- Kousba Location within Lebanon
- Coordinates: 34°18′6″N 35°51′10″E﻿ / ﻿34.30167°N 35.85278°E
- Country: Lebanon
- Governorate: North Governorate
- District: Koura District
- Highest elevation: 500 m (1,600 ft)
- Lowest elevation: 450 m (1,480 ft)
- Time zone: UTC+2 (EET)
- • Summer (DST): UTC+3 (EEST)
- Dialing code: +961

= Kousba =

Village in Koura District, Lebanon

Kousba (كوسبا) is a village in the Koura District, in the Northern Governorate of Lebanon. Kousba has around 5,000 residents, most of which are Greek Orthodox.

== Etymology ==
According to the elderly residents of this town, the name Kousba comes from the word "hidden" because of how it lies between mountains.

== Geography ==
Kousba's surface is 6.02 square kilometers, with an altitude of 500 meters.

Kousba is situated 18 km south of Tripoli and 12 km east of Chekka. A main road that runs from Chekka to Bsharri (called "Chekka Arz Highway") passes through Kousba.

There are many landmarks in Kousba, including ancient historical monuments, touristic attractions, religious sites, sport clubs, teaching institutions and social clubs.

==Demographics==
In 1953, Kousba's population was 1,732, making it the second most populous village in the Koura District after Amyoun. Its population has since increased to about 5,000 residents. Statistics from the 2004 municipal elections indicated that Kousba had 7,193 registered voters—of which 4,940 voted.

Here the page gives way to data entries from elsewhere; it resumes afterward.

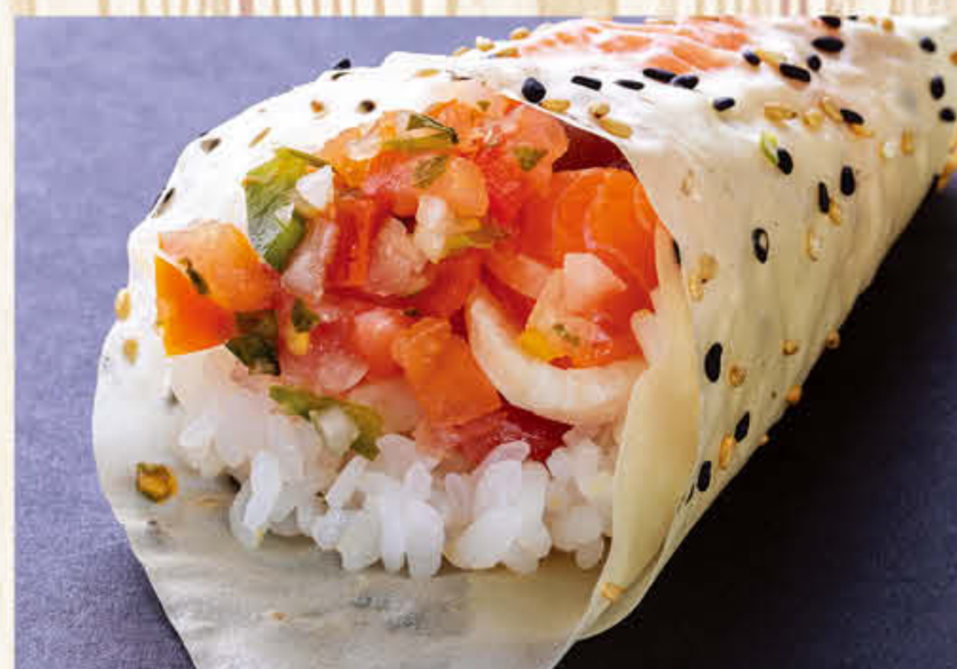
*Sashimi Ceviche Hand Roll $5.57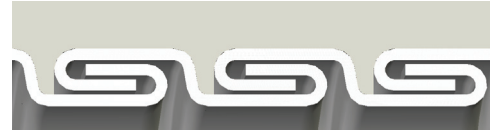
Interlocked Design 1-1/2" through 4"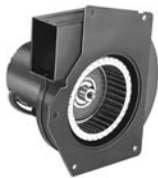
FIG. B A150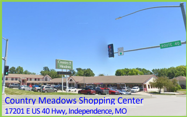
Country Meadows Shopping Center 17201 E US 40 Hwy, Independence, MO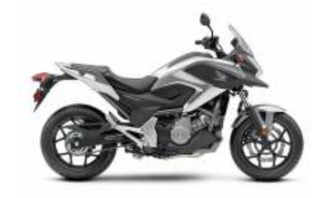
NC 750 X + R$ 0,00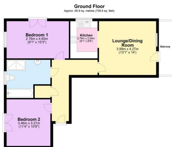
Total area: approx. 65.8 sq. metres (708.6 sq. feet)

Total approx. floor area 708 sq ft (66 sq m)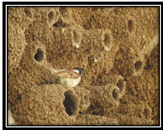
Fig. 10. Nest parasite Passer domesticus at nesting site.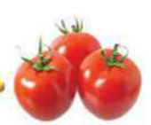
Tomato Paste Min 28°Bx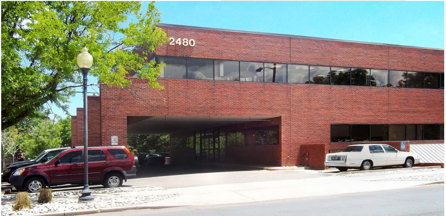
ALL photography, all pages | Copyright © 2019 by J. Barry Winter | All Rights Reserved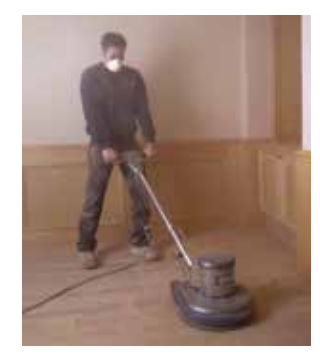
Without Dust Containment

The Bona Atomic® Dust Containment Systems, which are GREENGUARD Certified for indoor air quality, will increase your satisfaction by providing higher quality results and healthier conditions in your home.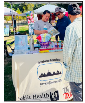
Lao Team talking to fisher at Sawasdee Thai Festival.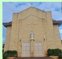
St Joseph's Church 177 Currie Street Nambour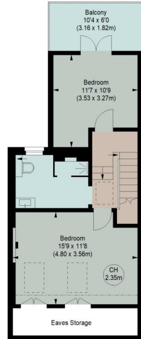
SECOND FLOOR (45.42 m 2 )

The floor plan is not to scale and measurements and areas shown are approximate and therefore should be used for illustrative purposes only. The plan has been prepared in accordance with the RICS code of Measuring Practice and whilst we have confidence in the information produced, it must not be relied on. If there is any aspect of particular importance, you should carry out or commission your own inspection of the property.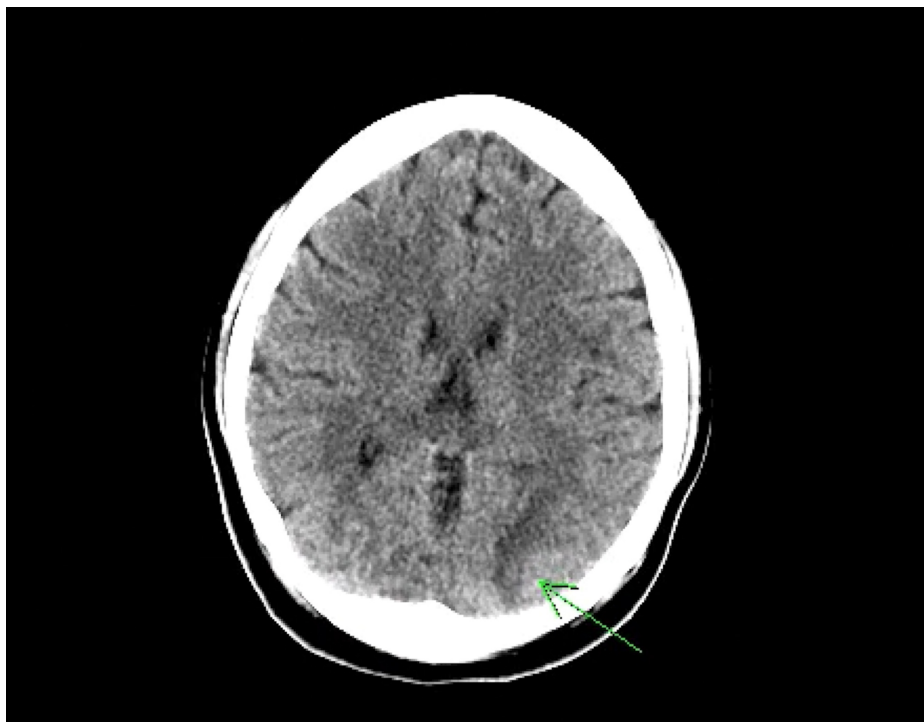
FIGURE 1: CT Head Without Contrast

intact recent and remote memory. Her visual field was normal by quadrant. Extraocular muscles were intact without gaze deviation, nystagmus, or ptosis. Pupils were equal and reactive to light. Normal motor strength and sensation were present throughout the body with negative Babinski sign. Cranial nerves 2-12 were intact. The rest of the physical examinations were unremarkable. Pertinent laboratory findings were hemoglobin 7.8 g/dL, hematocrit 26.1%, MCV 57.5 FL, MCHC 29.7%, RDW 17.2%, iron 11 ug/dL, iron-binding capacity 395 ug/gL, iron saturation 3%, ferritin <1 ng/mL, and platelet 364k/UL. The electrocardiogram showed normal sinus rhythm. CT head without contrast was concerning for a non-hemorrhagic left occipital lobe infarction in the posterior cerebral artery distribution [Figure 1]. CT angiographic examination demonstrated no focal high-grade intracranial stenosis, occlusion, or vasculitis. MRI of the brain revealed an abnormal increase in signal density on the FLAIR sequence that was consistent with an acute left posterior artery occlusion [Figure 2]. MRA of the brain and neck were subsequently unremarkable for any stenosis, occlusions, or dissections. Transthoracic echocardiogram revealed a small patent foramen ovale that was deemed to be clinically insignificant. She was treated with permissive hypertension, started on atorvastatin, clopidogrel without aspirin due to the history of gastric sleeve. She remained stable overnight.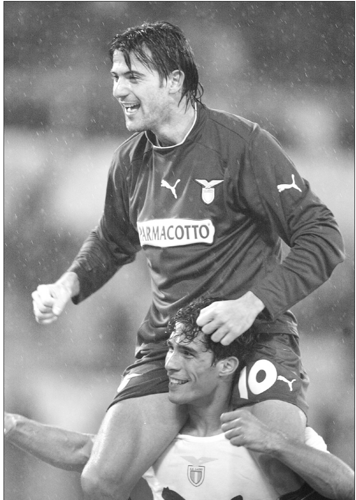
Lazio forward Dejan Stankovic (above) and Bernardo Corradi celebrate after beating Inter Milan 2-1 at Olympic stadium in Rome on December 21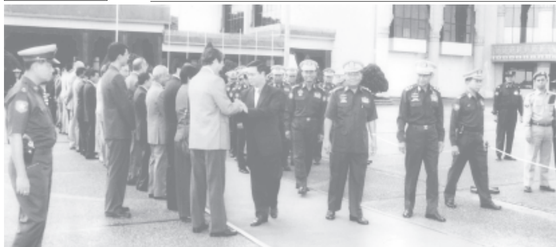
Ambassadors, diplomats and UN officials see off Prime Minister General Khin Nyunt on his departure for Thailand.

In 2014, Christians made up 94.96% of registered voters in Kousba. 79.10% of the voters were Greek Orthodox and 13.09% were Maronite Catholics.

==Economy==
There are 23 companies in Kousba that have more than five employees.

==Education==
There were 311 students enrolled in its two public schools in 2002.

==Human resources==
===Health===
Kousba has one medical center but no hospitals.

==Families in Kousba==

Abdullah, Andraous, Antoun, Atieh, Awad, Ayoub, Azar, Bchara, Braheem, Chehade, Dannawi, Fadil, Farah, Fayad, Ghazi, Gosen, Greij, Habib, Hakeem, Hanna, Haykal, Ibrahim, Isaac, Israel, Jabbour, Kamar, Kanaan, Kheir, El-Khoury, Manssour, Mitri, Moussa, Nahas, Namey, Nasr, Nassar, Rihana, Roumi, Saab, Saba, Saddic, Sarkis, Sarraf, Sassine, El-Tom, Wakeem, Yacoub, Younis, Youssef, Zeidan and El Zalameh.